# EXERCISE
From the line with "十日町市赤谷十二社の大けやき" to the line with "Mammifère herbivore Taille", output every line below exactly, both ends included. Skip the pictures.

::: DATA EXTRACTS :::

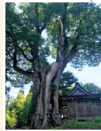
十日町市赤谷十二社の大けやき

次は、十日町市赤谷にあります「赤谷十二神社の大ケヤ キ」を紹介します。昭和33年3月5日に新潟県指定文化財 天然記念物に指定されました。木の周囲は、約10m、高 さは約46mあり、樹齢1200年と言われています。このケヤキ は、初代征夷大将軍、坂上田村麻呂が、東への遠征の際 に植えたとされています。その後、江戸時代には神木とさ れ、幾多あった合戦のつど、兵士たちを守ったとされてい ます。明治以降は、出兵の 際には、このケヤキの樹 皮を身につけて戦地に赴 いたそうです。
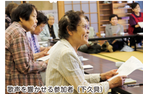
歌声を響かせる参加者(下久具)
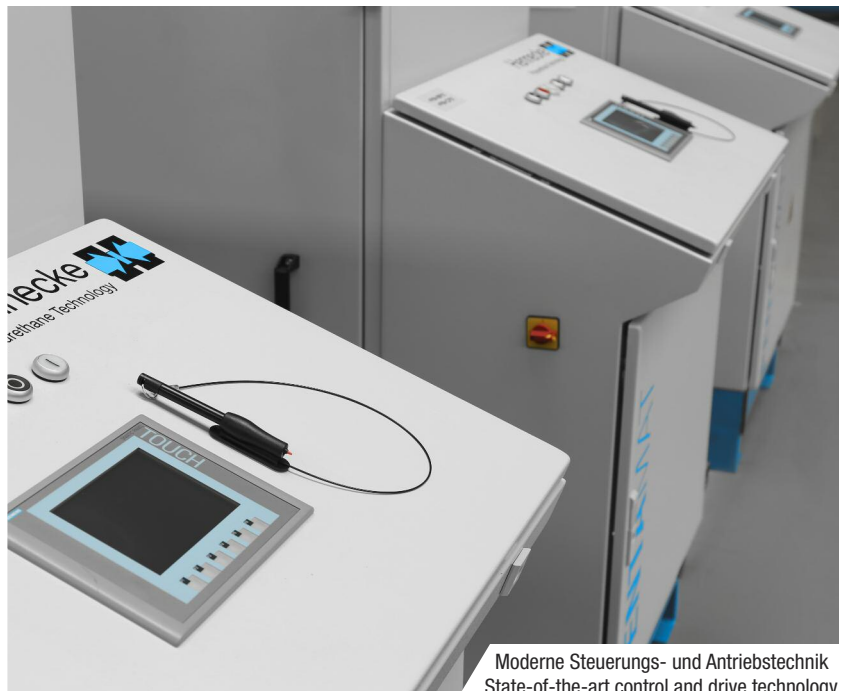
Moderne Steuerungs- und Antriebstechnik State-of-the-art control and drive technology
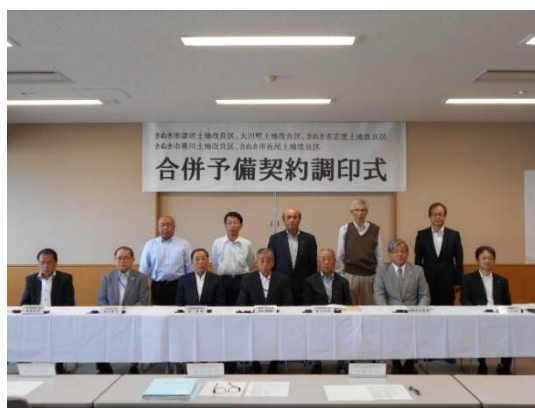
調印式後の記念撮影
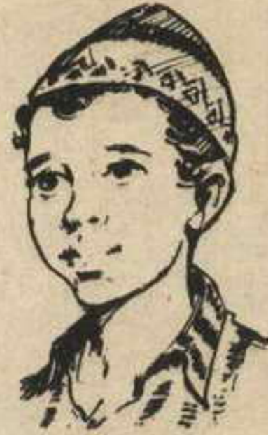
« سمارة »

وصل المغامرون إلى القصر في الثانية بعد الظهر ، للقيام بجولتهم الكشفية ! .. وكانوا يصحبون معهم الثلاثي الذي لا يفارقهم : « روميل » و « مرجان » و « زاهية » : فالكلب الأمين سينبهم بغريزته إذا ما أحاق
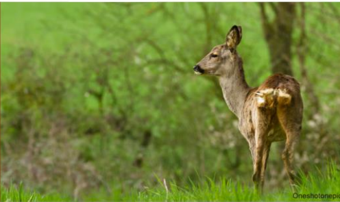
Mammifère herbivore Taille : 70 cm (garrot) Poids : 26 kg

:::
::: DATA EXTRACTS :::

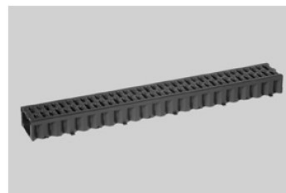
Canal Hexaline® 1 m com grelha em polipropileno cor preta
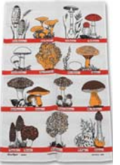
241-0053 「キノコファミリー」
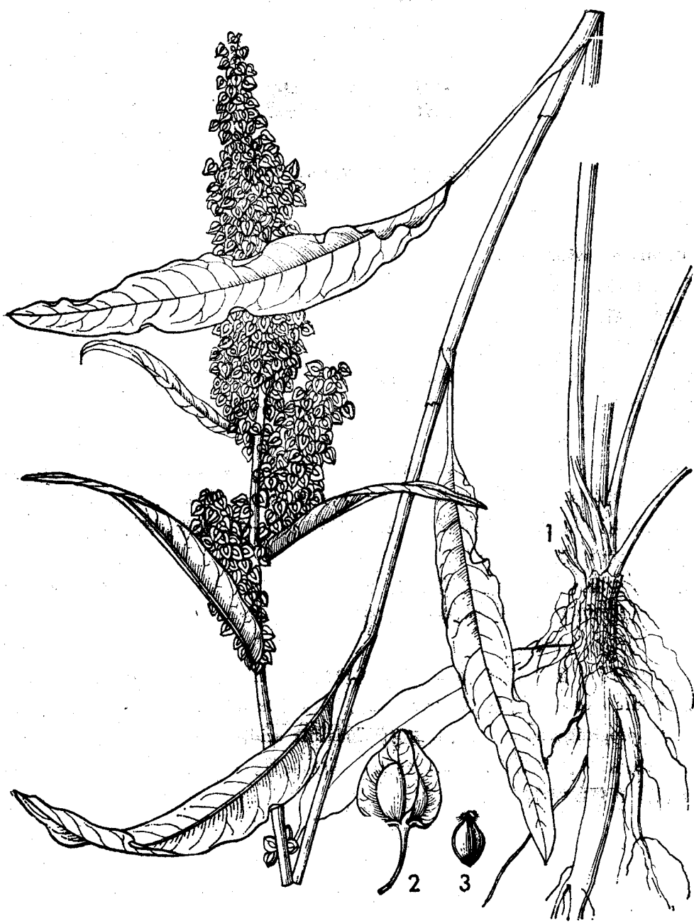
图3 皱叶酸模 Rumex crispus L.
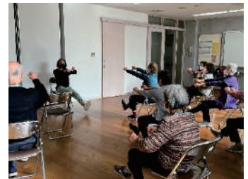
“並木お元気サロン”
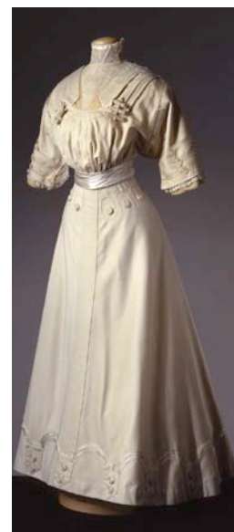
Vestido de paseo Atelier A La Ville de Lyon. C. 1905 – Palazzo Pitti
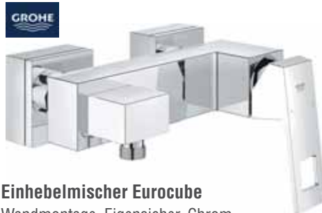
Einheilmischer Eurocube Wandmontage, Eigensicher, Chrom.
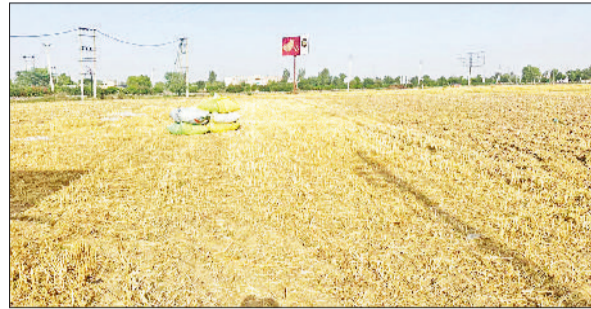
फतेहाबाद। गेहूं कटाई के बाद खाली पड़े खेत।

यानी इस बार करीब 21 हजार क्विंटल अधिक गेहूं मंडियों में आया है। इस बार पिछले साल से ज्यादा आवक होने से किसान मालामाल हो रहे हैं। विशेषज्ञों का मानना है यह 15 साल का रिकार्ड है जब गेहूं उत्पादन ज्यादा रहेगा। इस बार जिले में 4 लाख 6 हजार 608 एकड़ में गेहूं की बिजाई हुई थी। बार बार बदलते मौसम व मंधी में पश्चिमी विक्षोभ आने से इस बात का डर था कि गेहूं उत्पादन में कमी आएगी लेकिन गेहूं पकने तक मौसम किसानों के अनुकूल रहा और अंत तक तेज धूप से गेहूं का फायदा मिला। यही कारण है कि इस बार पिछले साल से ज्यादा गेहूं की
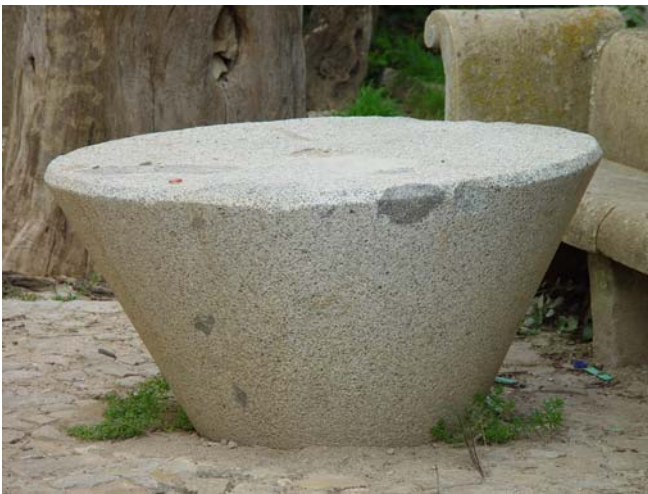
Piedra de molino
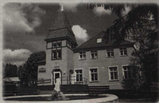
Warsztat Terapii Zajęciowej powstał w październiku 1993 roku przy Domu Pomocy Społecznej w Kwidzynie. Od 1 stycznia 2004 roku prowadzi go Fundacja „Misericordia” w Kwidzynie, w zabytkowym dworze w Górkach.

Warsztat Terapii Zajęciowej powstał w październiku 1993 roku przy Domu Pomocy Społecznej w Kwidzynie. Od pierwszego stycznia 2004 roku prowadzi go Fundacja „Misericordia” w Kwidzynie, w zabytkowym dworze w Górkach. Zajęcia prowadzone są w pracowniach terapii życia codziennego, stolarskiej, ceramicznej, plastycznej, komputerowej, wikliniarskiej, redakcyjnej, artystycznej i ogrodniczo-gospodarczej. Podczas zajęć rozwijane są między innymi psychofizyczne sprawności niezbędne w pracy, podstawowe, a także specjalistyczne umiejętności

:::
::: DATA EXTRACTS :::

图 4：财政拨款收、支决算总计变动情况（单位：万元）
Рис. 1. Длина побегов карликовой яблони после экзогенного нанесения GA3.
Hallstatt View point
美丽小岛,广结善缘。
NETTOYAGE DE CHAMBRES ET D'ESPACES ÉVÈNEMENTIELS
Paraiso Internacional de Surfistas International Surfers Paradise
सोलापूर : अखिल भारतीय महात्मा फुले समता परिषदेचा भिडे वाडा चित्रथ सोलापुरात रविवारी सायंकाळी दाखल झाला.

:::

# TASK OUTPUT
十日町市赤谷十二社の大けやき

次は、十日町市赤谷にあります「赤谷十二神社の大ケヤ キ」を紹介します。昭和33年3月5日に新潟県指定文化財 天然記念物に指定されました。木の周囲は、約10m、高 さは約46mあり、樹齢1200年と言われています。このケヤキ は、初代征夷大将軍、坂上田村麻呂が、東への遠征の際 に植えたとされています。その後、江戸時代には神木とさ れ、幾多あった合戦のつど、兵士たちを守ったとされてい ます。明治以降は、出兵の 際には、このケヤキの樹 皮を身につけて戦地に赴 いたそうです。
歌声を響かせる参加者(下久具)
Moderne Steuerungs- und Antriebstechnik State-of-the-art control and drive technology
調印式後の記念撮影
« سمارة »

وصل المغامرون إلى القصر في الثانية بعد الظهر ، للقيام بجولتهم الكشفية ! .. وكانوا يصحبون معهم الثلاثي الذي لا يفارقهم : « روميل » و « مرجان » و « زاهية » : فالكلب الأمين سينبهم بغريزته إذا ما أحاق
Mammifère herbivore Taille : 70 cm (garrot) Poids : 26 kg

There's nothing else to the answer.